As for how often just as Ryan said it always varies. Example my royal does a nice big poo every 2-3 months but my boa does it at least twice a month but they're on the smaller side.


----------



## TEENY (Jan 4, 2008)

If it was poo and not musk then you were unlucky i have only been pooped on once by a corn in my years of keeping lol


----------



## adz_gold (Oct 3, 2009)

Wait until they get big ! then it stinks lol


----------



## becky89 (Nov 24, 2009)

Some like to poo when they get moving lol, if it was brown/white it was poo, whenever I've been musked on it's usually clear/yellow/white. Some like to poo several times after a feed, usually after you've just cleaned them out to be a pain lol.


----------



## yummymummytothree (Mar 12, 2012)

Sounds like musk to me as a corn snake personally I don't think smells that badly but we have a corn that musked when we first got him and it made the whole room smell :gasp:


----------



## slowwormfan (Dec 20, 2011)

Thanks everybody.

As I was reading the posts I thought the musk idea was good, cos they were on my lap when the phone in my pocket rang/vibrated & I was trying to hang onto them with one hand & get my phone with the other. Certainly enough to give them a fright. But then I got to the post about colour, & what they produced was dark brown & white, so I'm back to thinking poo. Just to confuse matters, on Friday they produced a small amount of dark brown poo which didn't smell much, without any white stuff. :gasp:


----------



## Jono2411 (Feb 10, 2009)

How soon after a feed was it? I sounds like faeces to me... I try not to handle if the snake hasn't done the business after a feed yet ( although not alwasys...)
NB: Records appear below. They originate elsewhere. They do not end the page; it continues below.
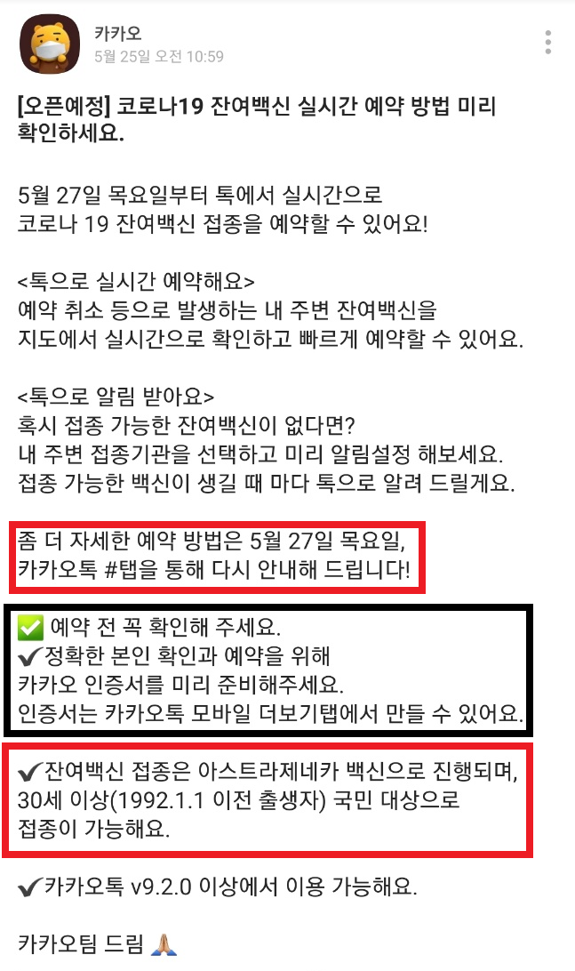 카카오 앱으로 잔여 백신 확인하기
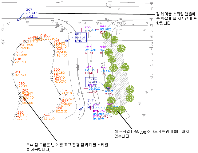 도면에서 점을 만들 때 미리 정의한 레이블 지정 기준에 따라 점에 자동으로 레이블을 지정할 수 있습니다.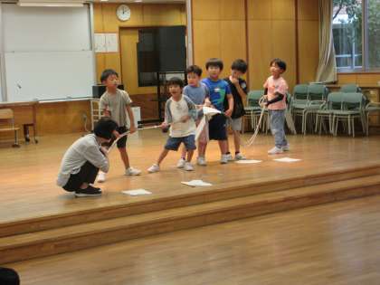 ランチルームで「大きなかぶ」の練習をしました。かぶを引っ張る動きやかけ声、歌など、気持ちを合わせて練習しました。
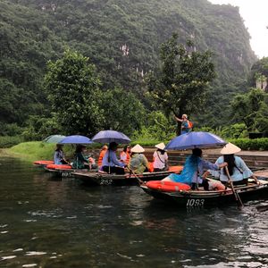 ハノイ滞在の目玉にハロン湾のツアーを検討していた際に写真で見た風景に惹かれて、両方参加することにしました。結果、参加して大正解。ハロン湾には世界遺産らしいダイナミックさがありますが、タムコック川は小舟でゆっくり進むので、見える景色の変化や風、音、匂いを感じられます。どちらか1つを選ぶなら、こちらを選びますね。ツアーは英語ガイドと日本語ガイドがいて、バスの中もインタナショナルな雰囲気で楽しめました。ハノイを訪れたら、行くべきです!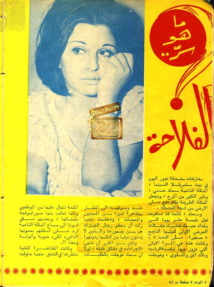 نشرت مجلة (الموعد) اللبنانية عام 1966 موضوعا طريفا عن سندريلا السينما المصرية (سعاد حسني)، بعنوان (سر الفلاحة التى احتلت منزل سعاد حسني!) وبمناسبة الذكرى العشرين لرحيل أيقونة البهجة والشجن والاستعراض، نعيد نشر بعض مما جاء فيه، حيث تحدثت المجلة باستفاضة عن رحلة (سعاد حسني) إلى العراق والاستقبال الحافل لها في كل مكان تخطو فيه، حتى أن الجماهير الغفيرة كانت تنتظرها على باب الفندق الذي تقيم فيه، ولا تبارحه حتى الساعات الأولى من نهار اليوم الجديد.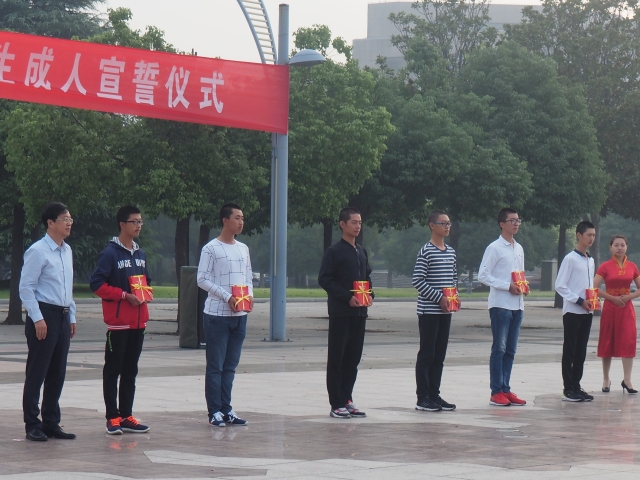 在新生成人仪式上,校党委副书记曹德欣向各位新生赠送宪法读本,安全学院代表向学院在场同学分发宪法读本。随后,安全学院17级同学们在新生代表的带领下,左手执宪法读本,举起右拳在国旗下庄严宣誓。“遵守宪法和法律,热爱社会主义社会,拥护中国共产党的领导,正确行使公民权利,积极履行公民义务”,仪式在同学们庄严嘹亮的宣誓声中落下帷幕。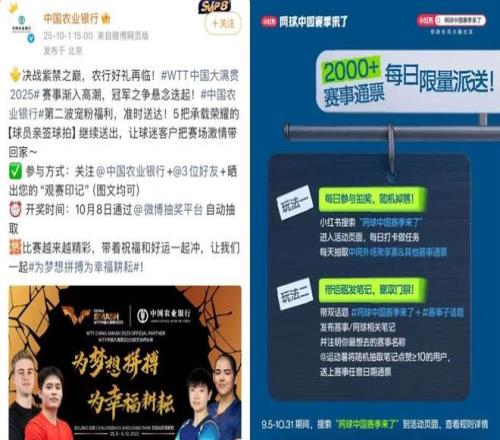 與此同時,包括庫迪、中國農(nóng)業(yè)銀行等在內的更多合作方則選擇了社交媒體互動的路徑,在小紅書、微博、抖音等社媒平臺,發(fā)布諸如「關注+轉發(fā),抽球迷送WTT門票」的活動層出不窮。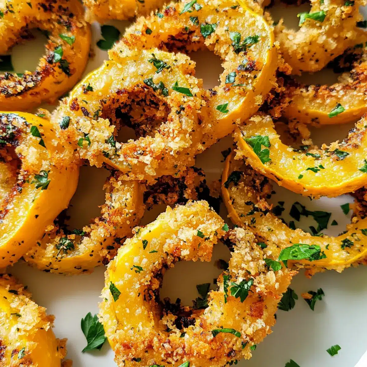 Die ersten frischen Herbsttage bringen eine besondere Magie mit sich, und nichts spricht mehr für diese Jahreszeit als der Knoblauch- und Kräuter-gemahlene Delicata-Kürbis. Diese köstliche Beilage vereint die zarte Süße des Kürbisses mit einer knusprigen, aromatischen Panade, die jeden Bissen zum Genuss macht. Mit nur sieben einfachen Zutaten ist dieses Rezept nicht nur schnell zuzubereiten, sondern auch perfekt für gesellige Abende oder entspannte Familienessen. Ob als glutenfreie Option oder unkomplizierte vegane Beilage, dieses Gericht wird garantiert zum Star auf deinem Tisch! Bist du bereit, deinem nächsten Essen eine innovative Note zu verleihen? Lass uns gemeinsam in die Welt des geschmackvollen Kürbis eintauchen!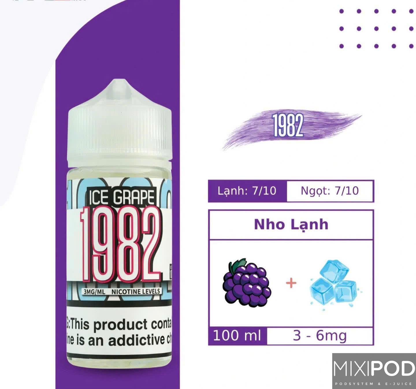 Nhắc đến 1982 chắc hẳn anh em đồng khói không ai là không biết đến độ nổi tiếng, đẳng cấp của thương hiệu này trong ngành công nghiệp tinh dầu vape. Và nhắc đến 1982, nhiều anh em sẽ nhớ ngay đến chai Juice 1982 Freebase Ice Grape – vị nho lạnh đặc trưng của thương hiệu này. Từ một hương vị nho lạnh độc bản, 1982 Freebase đã phát triển vượt bậc khi sáng tạo thêm những hương vị juice mới lạ đưa vào danh sách các sản phẩm đẳng cấp của mình.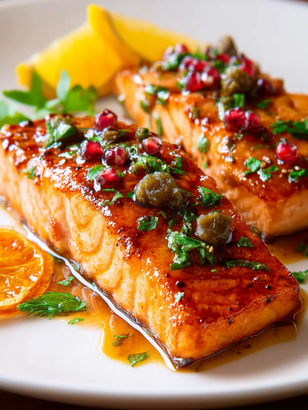 - Serve – Transfer the salmon to a serving plate and drizzle with extra sauce. Garnish with orange zest and fresh herbs if desired.

Sent from my Nexus 7 using Tapatalk 2


----------



## slowwormfan (Dec 20, 2011)

Jono, they were fed Sunday, not handled Mon or tues, then it happened on Wed the first time handled after feeding


----------



## yummymummytothree (Mar 12, 2012)

personally i would leave the snake to go to the toilet before handling as sounds like if its not musking its pooing due to stimulation :blush:


----------



## slowwormfan (Dec 20, 2011)

Thanks

I fed them again yesterday, so I'll see what happens this week


----------



## warrensark (Aug 23, 2012)

I feed my corn snake Marmite on a monday evening and always leave him till wednesday eve till I handle him again, invariably he surprises me by having a poo on me - usually have a old piece of sheet to cover my lap, but it's no big deal


----------